17 September 2005

once more...

my amazon shipment came today. last time I picked up a David Dark book, i tried to blog about it and found myself wanting to quote entire pages. lots of entire pages. i despaired. now i have to say it again. David Dark's Everyday Apocalypse and, it appears, The Gospel According to America are simply some of the best things you can read if you're into reading. if you grew up a Christian in America, then these can form a valuable part of your redemption.

and...the man writes with the vocabulary and passion of G.K. Chesteron, with a refreshing lack of consideration for restrained pacing or gentle introduction to topics. he's a literary whirlwind and completely unpredictable.

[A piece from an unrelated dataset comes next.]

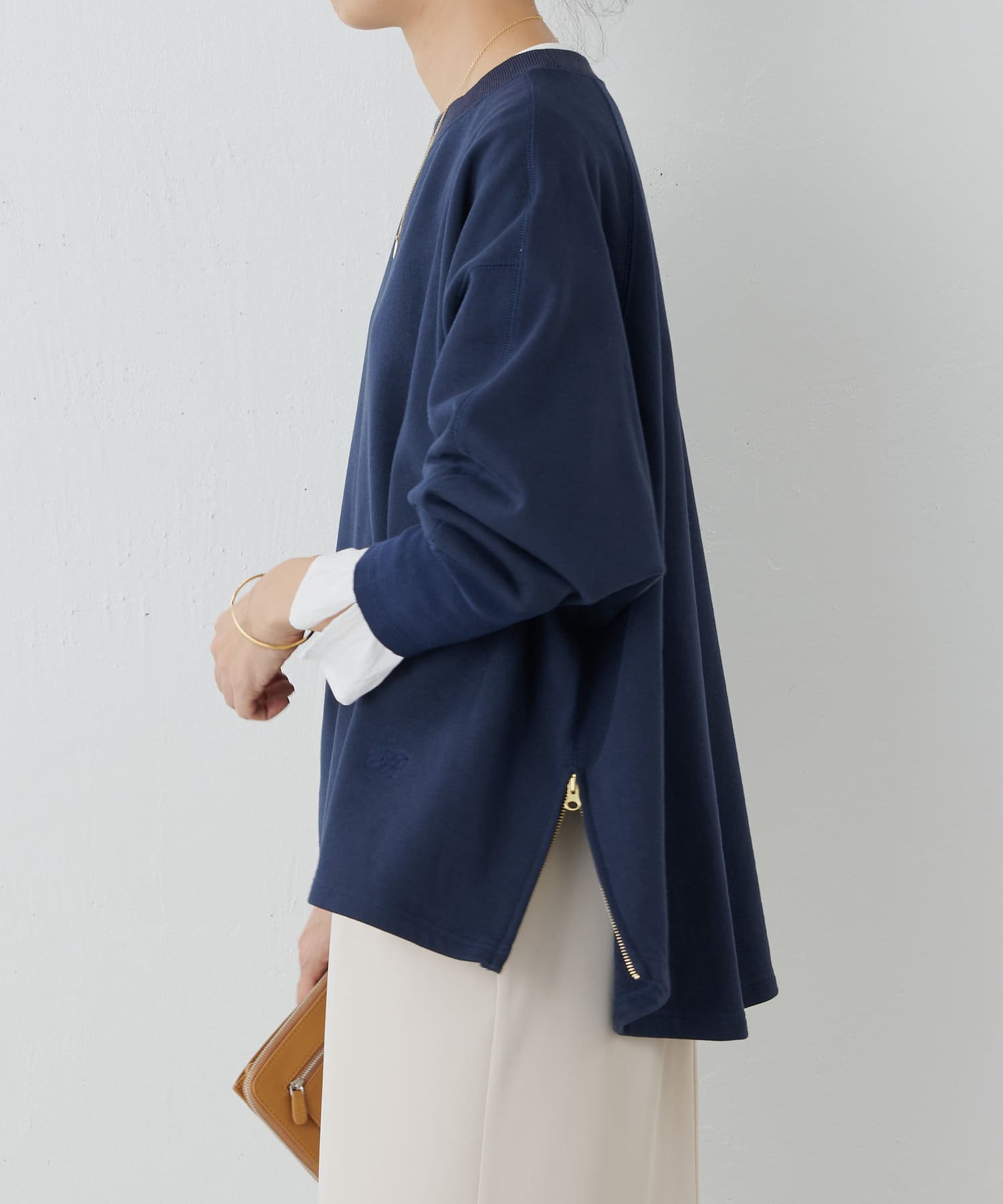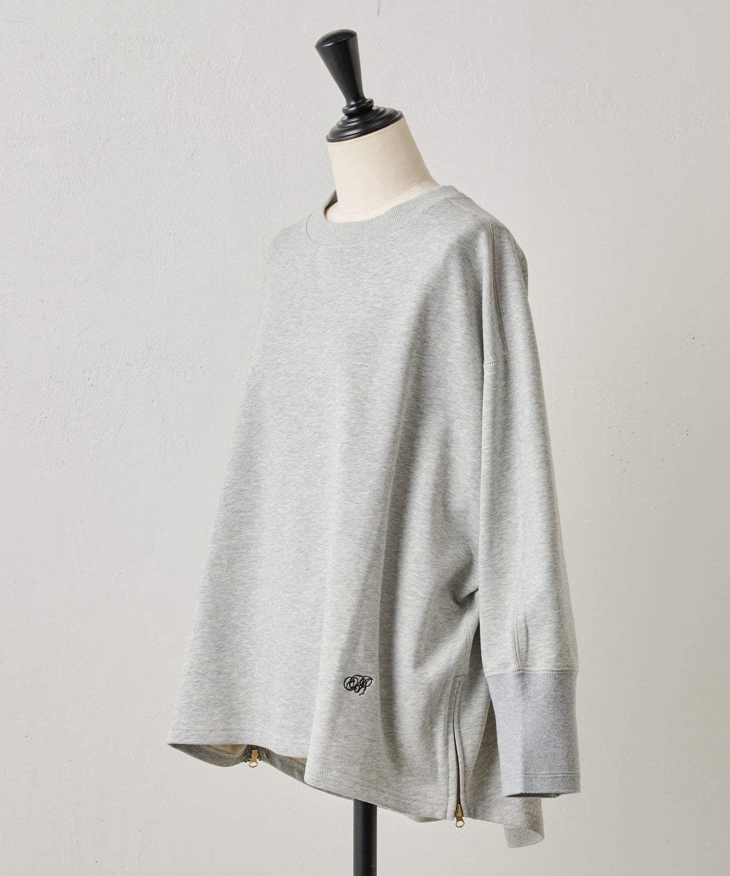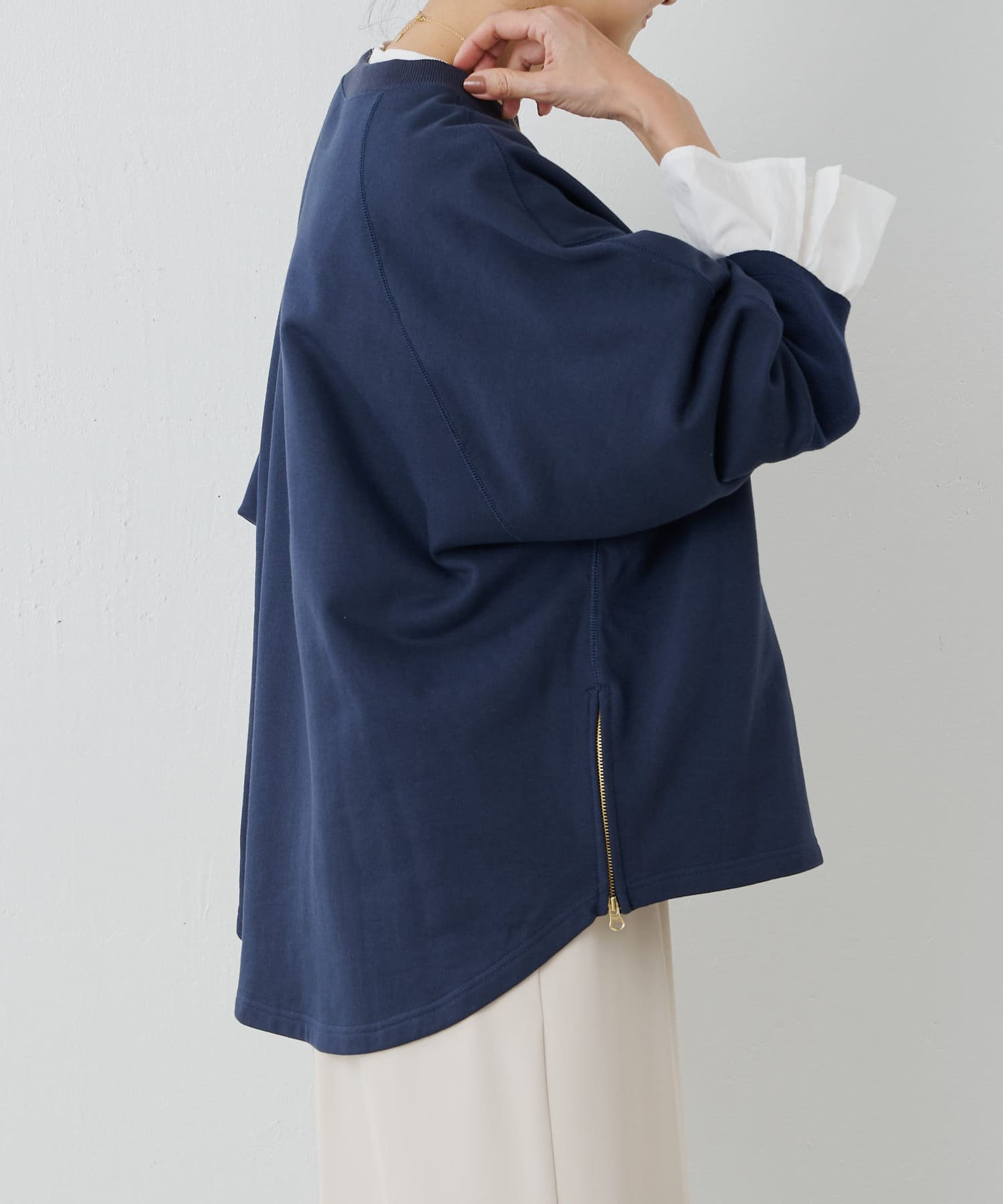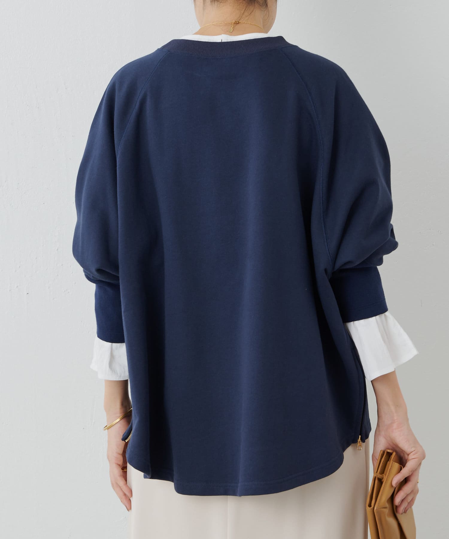 長羅紋袖口。與其他運動衫不同的是,該款運動衫的後襬前後長度呈對角線剪裁。
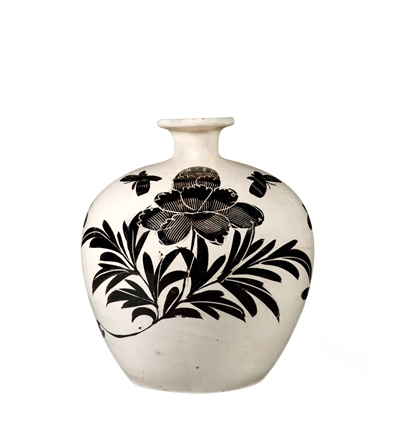 北宋磁州窑白地黑彩剔刻蝶恋花纹小口瓶(图2),高25.7厘米,中国嘉德香港2021秋拍会上,成交价740.4万港元。此器形制典雅,气质内敛,小盘口,短束颈,丰肩圆腹,腹壁向下弧收隐出圈足。圈足涩胎,见化妆土、透明釉流散。胎色浅灰,胎质坚实,瓷化程度非常高。釉面滋润,半木光,唇口白釉处有细微开片。腹部对称以黑彩绘两组折枝牡丹花,花朵之上点缀蝴蝶。牡丹花心及蝴蝶翅膀皆划篦纹,枝叶、花瓣外廓浅浅地划出轮廓线条,简约大方。整器典雅沉静,黑白对比醒目,彩绘、刻划花工艺并用,画工精湛,刻工流利,布局得体,落落大方。这种工艺要求瓷匠在胎体干燥前很短的时间内完成,并对所画内容胸有成竹,笔法娴熟,一气呵成,而要剔除黑色面层而不损白色底层显然难度要求更高,可见陶工精湛技艺。该器取材自然,寓意丰富,在白色化妆土上用黑彩借鉴中国传统绘画的手法描绘纹饰,剔刻技法犹如点睛之笔,更显得生机盎然,形成了一种具有强烈黑白对比和丰富文化内涵的装饰艺术。

"An emotional disorder has settled upon us, a habitual anger that passes itself off as normalcy, and it isn't just directed at whatever Democrat or Republican might strike us an appropriate scapegoat for all of life's problems. We eventually feel it for people (neighbors, coworkers, relatives) whose opinions fail to coincide with our own and strangers who don't drive the way we think they should, an impatience that makes clear of generous thinking difficult...I don't want [future generations] to inherit a militant ignoracnce that confuses anger for strength of character or the momentary silencing of somebody else with victory...As the witness of the Jewish Christian tradition makes clear, the anger of human beings against what they percieve to be evil and unjust will never produce the righteousness of God (although, as anger goes, it usually feels terribly effective when it has hold of us), and confession is the only hope for minds whirling with contradictory impulses and filled with thoughts of courage and honor and freedom but increasingly incapable of connecting dots or adding two and two together...

"Like discipleship, the practice of democracy is a widening of our capacities for moral awareness and an expansion of our sphere of respect. If we have a steadily narrowing vision of people to whom we're willing to accord respect or if the company we keep is slowy diminishing to include only the folks who've learned to pretend to agree with us, we can be assured that we're in danger of developing around ourselves a kind of death cult, a frightened, trigger-happy defensiveness that is neither godly nor, in the best sense, American."